Vitalik Buterin Hits at FTX Failings, Backs Ethereum’s Model

  • Buterin contrasts Ethereum’s open governance with FTX’s centralization to show safety.
  • SBF’s team renews debate with solvency claims, intensifying questions over FTX governance.
  • FTX’s collapse led to rising DEX adoption, supporting Ethereum’s community model.

At Devconnect Argentina, Ethereum co-founder Vitalik Buterin criticized FTX and contrasted its centralized structure with Ethereum’s decentralized model. The remarks, delivered in Buenos Aires, focused on how the exchange collapsed under decisions made by a few insiders. Buterin addressed the crowd to explain why he believes Ethereum’s open and community-run process avoids those risks.

Centralization at FTX 

Buterin opened his talk by showing Sam Bankman-Fried’s past public quote about wanting to create global good and then argued that FTX operated in the opposite direction. He stated that the exchange relied on trust in a small leadership circle, which left users exposed to decisions they could not see. This point led him to frame FTX as the reverse of Ethereum’s “can’t be evil” design.

The discussion then changed to FTX’s structure and the events that followed its collapse. According to court findings, FTX secretly sent billions of dollars in customer funds to Alameda Research to cover trading losses. 

These decisions led to wider damage across several platforms and ended with Bankman-Fried receiving a 25-year sentence for fraud, money laundering, and conspiracy. This context helped Buterin support his argument about how centralization increases systemic risks for users.

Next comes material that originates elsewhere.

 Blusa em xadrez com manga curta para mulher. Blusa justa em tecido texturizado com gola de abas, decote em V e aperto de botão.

However, the issue resurfaced recently when an account tied to Bankman-Fried posted a 14-page document on X. The document claimed FTX held $25 billion in assets against $13 billion in liabilities when it entered bankruptcy. 

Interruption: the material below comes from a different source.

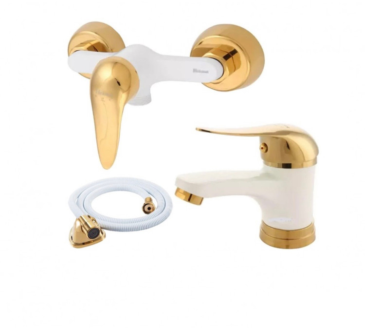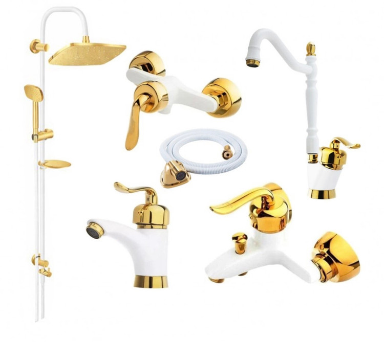 ست شش عددی شیر آلات سفید طلایی مدل قاجاری به همراه علم دوش دوکاره

His team argued that they faced a temporary liquidity crunch and blamed external legal counsel for accelerating the bankruptcy process. This dispute added scrutiny to long-standing questions about governance failures at centralized exchanges.

Ethereum Community-Driven Governance Model

Buterin used those details to contrast Ethereum’s development method. He explained that Ethereum relies on proposals reviewed and debated openly by builders and users. He said this structure limits reliance on a single authority and keeps decision-making transparent. 

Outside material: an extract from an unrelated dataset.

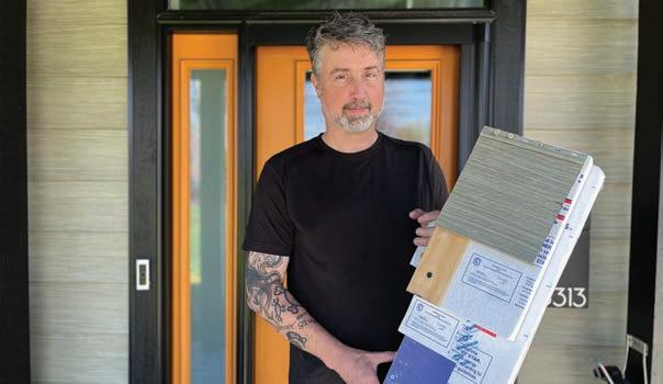 tem, which the Hylands produce at a Cleveland warehouse, is a big switch from typical homes, as most are stick-built onsite. e power system is commercially available with a heat pump and highly e cient hot water tank and uses a high-e ciency washer and dryer.

Each upgrade moves through a public process that includes scrutiny, testing, and community input. This comparison guided the conversation toward investor behavior. Buterin noted that distrust in centralized exchanges has grown since the FTX collapse. 

He pointed to rising activity on decentralized exchanges, including platforms like Hyperliquid, which launched after the FTX failure. According to Hyperliquid founder Jeff Yan, the collapse gave users a clear reason to seek systems where trust in a single operator is not required.

The rise of decentralized exchanges connected directly to Ethereum’s broader vision. Buterin emphasized that Ethereum works as a community rather than a company. He explained that companies operate through hub-and-spoke systems with power concentrated in the center, while communities distribute responsibility across many participants. He said this difference creates a structure where no single group can quietly take actions like those exposed at FTX.

Related: Judges Question Sam Bankman-Fried’s Bid to Reverse FTX Conviction

FTX Claims Lead to New Tension

The statements from Bankman-Fried’s team also added new scrutiny to the discussion. Their document said the exchange owed $8 billion to customers and insisted those funds “never left.” 

They further claimed that 98% of creditors have received 120% repayment and that remaining payouts may reach up to 143%. They added that the estate still holds $8 billion after legal fees and repayments.

These claims were similar to Bankman-Fried’s earlier comments in an interview with Tucker Carlson from prison. He said FTX had “enough money” to repay users and pointed to panic withdrawals as the trigger for the collapse. However, the jury verdict and court records documented the misuse of customer funds, which drove the case toward its final outcome.

Meanwhile, Vitalik Buterin’s critique placed FTX on the centralization debate in crypto. His remarks compared Ethereum’s public decision-making with the closed structure that led to FTX’s downfall. The ongoing claims from Bankman-Fried’s camp add more questions to these governance issues.